The plot_evolution() function shows how the estimated parameter distributions change over the waves.

plot_evolution(smc_fit, truth)

This plot displays the posterior density estimates for each parameter, faceted by wave number. It allows you to visualize how the algorithm progressively narrows down the plausible parameter space from the initial prior distributions towards the final posterior, centred around the truth.


Step 7: Check Parameter Correlations

Finally, plot_correlations() helps understand the relationships between parameters in the final posterior sample.

plot_correlations(smc_fit$posteriors, truth)

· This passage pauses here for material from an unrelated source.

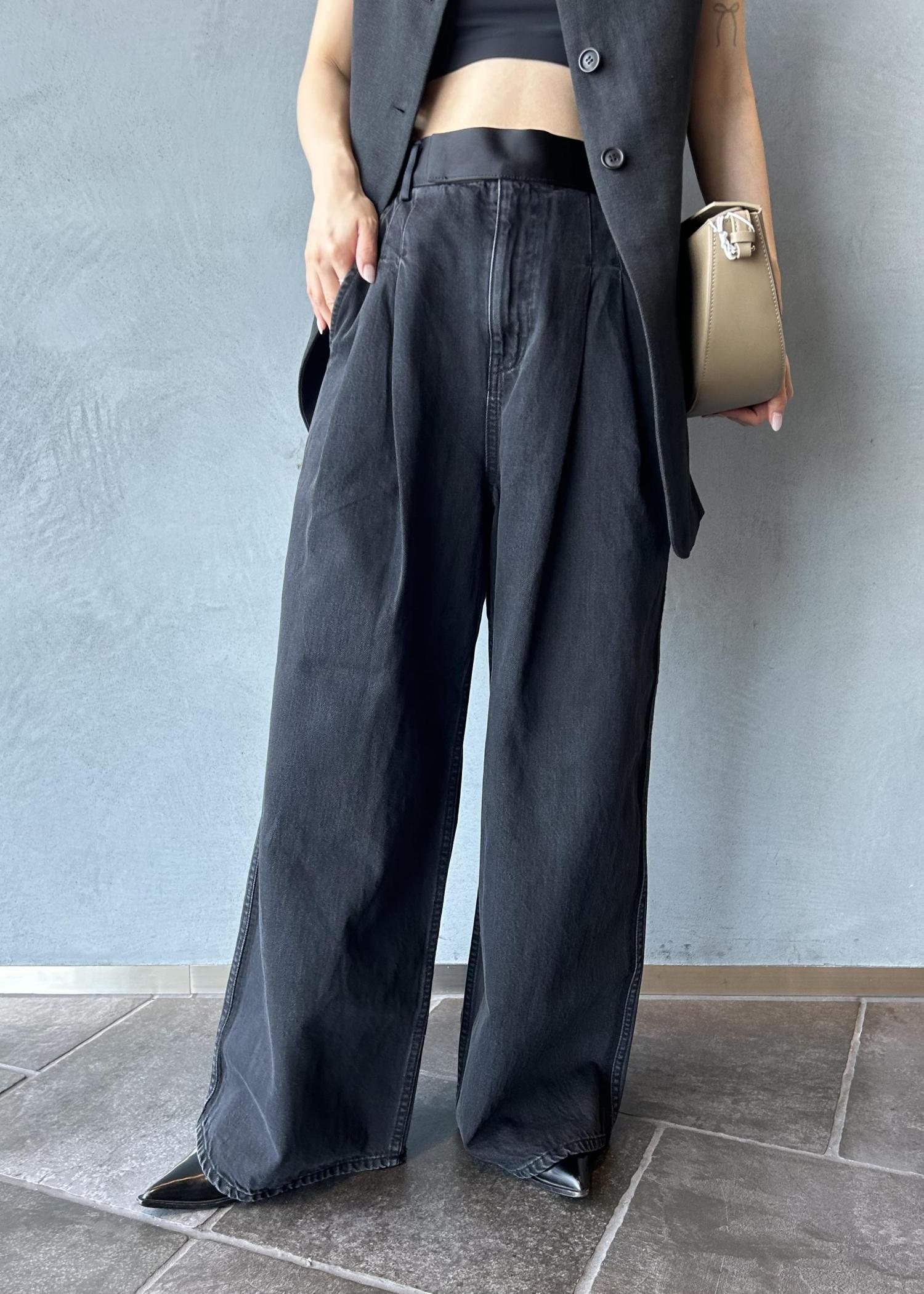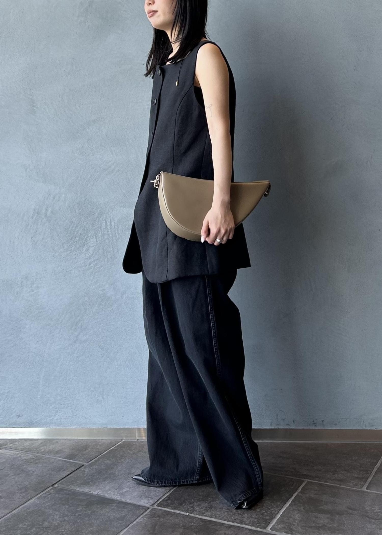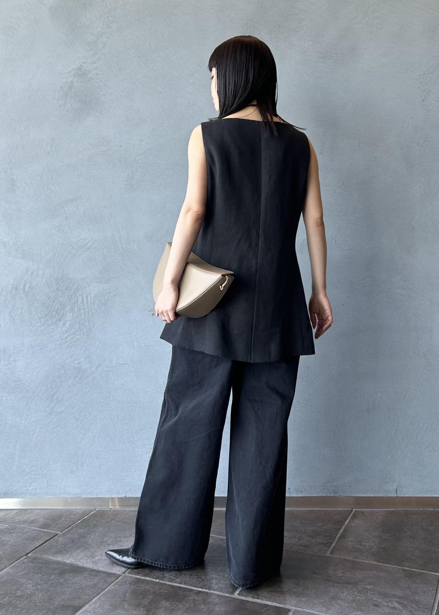EMOELLE【EMOELLE】・【サステナブル】ドレスデニムパンツブラック系 / 34¥22,000レビュー身長156cmで34サイズを着用しています。5cmくらいのヒールを履いて少したまるくらいの長さです。ウエストの切り替えがワンポイントになります。
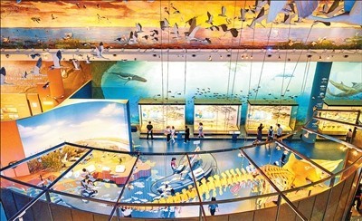10月2日,游客來到位于江蘇鹽城的黃海濕地博物館參觀游覽。胡志超攝(影像中國(guó))

This heatmap shows the correlation coefficients between pairs of parameters based on the final set of weighted particles. Correlations can indicate dependencies learned by the model or potential identifiability issues. Comparing the correlation structure to the truth values (if applicable) can provide further insight.


Conclusion

ABC-SMC provides an efficient way to perform Bayesian inference for models where the likelihood is intractable. By iteratively refining the parameter proposals based on previous results, it can achieve good posterior approximations with significantly fewer simulations than basic rejection sampling. Diagnosing convergence using plot_convergence() is important to ensure the algorithm has run for enough waves to stabilize the estimates.